If you already have non-functional APs, they are probably fixable, just not remote. Here’s how you do it:
Since the AP probably isn’t booting anymore, you will have to take it down and attach a serial console to it. Set your console to 9600 8N1 and power the AP.
From the output you can see why it wont boot anymore, probably something along the lines with image download fail. To revive the AP and make him a happy little accesspoint again, press and hold the mode button. Keep it pressed, until you see this line:
button is pressed, wait for button to be released...
Then release the button. You will now boot to a “ap:” prompt:
button pressed for 30 seconds
process_config_recovery: set IP address and config to default 10.0.0.1
process_config_recovery: image recovery
image_recovery: Download default IOS tar image tftp://255.255.255.255/ap3g2-k9w7-tar.default
examining image...
DPAA Set for Independent Mode
tide_boot_speed = 1000
DPAA_INIT = 0x0
%Error opening tftp://255.255.255.255/ap3g2-k9w7-tar.default (connection timed out)ap:
ap:
Now, depending on what exactly went wrong with the flash, I had APs working with as little work as booting the recovery image on the AP:
ap: dir flash:
Directory of flash:/
2 -rwx 12312 private-multiple-fs
3 -rwx 56200 event.log
4 -rwx 116551 event.r0
5 -rwx 210 env_vars
38 drwx 576 ap3g2-rcvk9w8-mx
74 drwx 0 configs
75 -rwx 64 sensord_CSPRNG0
76 -rwx 64 sensord_CSPRNG1
77 -rwx 8 sensord_crashWer0
78 -rwx 100 capwap-saved-config-bak
79 -rwx 99 capwap-saved-config
80 drwx 2496 ap3g2-k9w8-mx.153-3.JC15
145 -rwx 137639 event.r1
19586560 bytes available (21572096 bytes used)
ap: boot flash:/ap3g2-rcvk9w8-mx/ap3g2-rcvk9w8-mx
The AP reboots with recovery image, connects to controller, downloads the new image, and is happy again.
However, I had APs that needed more attention.
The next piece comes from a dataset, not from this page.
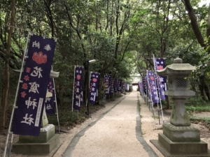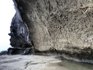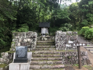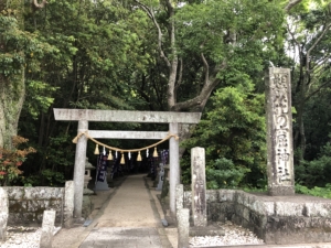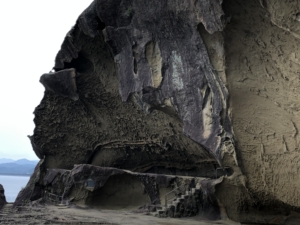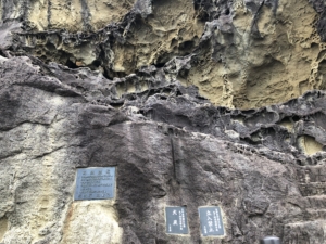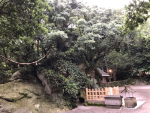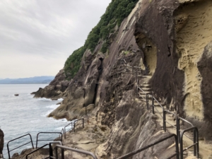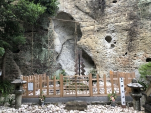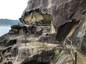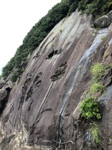 獅子岩から少し離れたところに世界遺産の花窟神社(はなのいわやじんじゃ)がありました。 花窟神社はは太古の自然崇拝の姿を今に残す日本最古の神社と言われており、国や神を生んだイザナミノミコトが葬られたとされ、黄泉の国と接する場所でパワースポットとして有名です。 高さ約70mの巨岩がここの御神体で社殿はありません。 2月と10月には古式ゆかしい行事がるそうです。

In that case I formatted the flash completely, and transferred the recovery image via TFTP.
ap: format flash:
Are you sure you want to format "flash:" (all data will be lost) (y/n)?y
flashfs[0]: 0 files, 1 directories
flashfs[0]: 0 orphaned files, 0 orphaned directories
flashfs[0]: Total bytes: 41158656
flashfs[0]: Bytes used: 1024
flashfs[0]: Bytes available: 41157632
flashfs[0]: flashfs fsck took 28 seconds.
Filesystem "flash:" formatted
ap: set IP_ADDR 10.10.6.233
ap: set NETMASK 255.255.255.0
ap: set DEFAULT_ROUTER 10.10.6.1
ap: tftp_init
ap: ether_init
Initializing ethernet port 0...
Ethernet speed is 1000 Mb - FULL Duplex
ap: tar -xtract tftp://10.7.7.7/ap3g2-rcvk9w8-tar.153-3.JH.tar flash:
extracting info (274 bytes)
ap3g2-rcvk9w8-mx/ (directory) 0 (bytes)
extracting ap3g2-rcvk9w8-mx/ap3g2-rcvk9w8-mx (229940 bytes)..................................................
extracting ap3g2-rcvk9w8-mx/ap3g2-rcvk9w8-tx (73 bytes)
extracting ap3g2-rcvk9w8-mx/ap3g2-rcvk9w8-xx (7313476 bytes)......................[output shortened].........................................
extracting ap3g2-rcvk9w8-mx/info (274 bytes)
extracting ap3g2-rcvk9w8-mx/file_hashes (438 bytes)
extracting ap3g2-rcvk9w8-mx/final_hash (141 bytes)
extracting ap3g2-rcvk9w8-mx/final_hash.sig (512 bytes)
extracting ap3g2-rcvk9w8-mx/img_sign_rel.cert (1375 bytes)
extracting ap3g2-rcvk9w8-mx/img_sign_rel_sha2.cert (1371 bytes)
extracting info.ver (274 bytes)
ap: set BOOT flash:/ap3g2-rcvk9w8-mx/ap3g2-rcvk9w8-mx
ap: boot flash:/ap3g2-rcvk9w8-mx/ap3g2-rcvk9w8-mx
Rebooting system to reset DPAA...
The AP reboots, boots the recovery image, connects to controller, downloads correct image, and is a happy little access point again.
With the “fixed” versions of controller software (e.g. 8.2.170.0, or 8.5.140.0) I have not had any problem like this so far. Knock on wood for fixed bugs!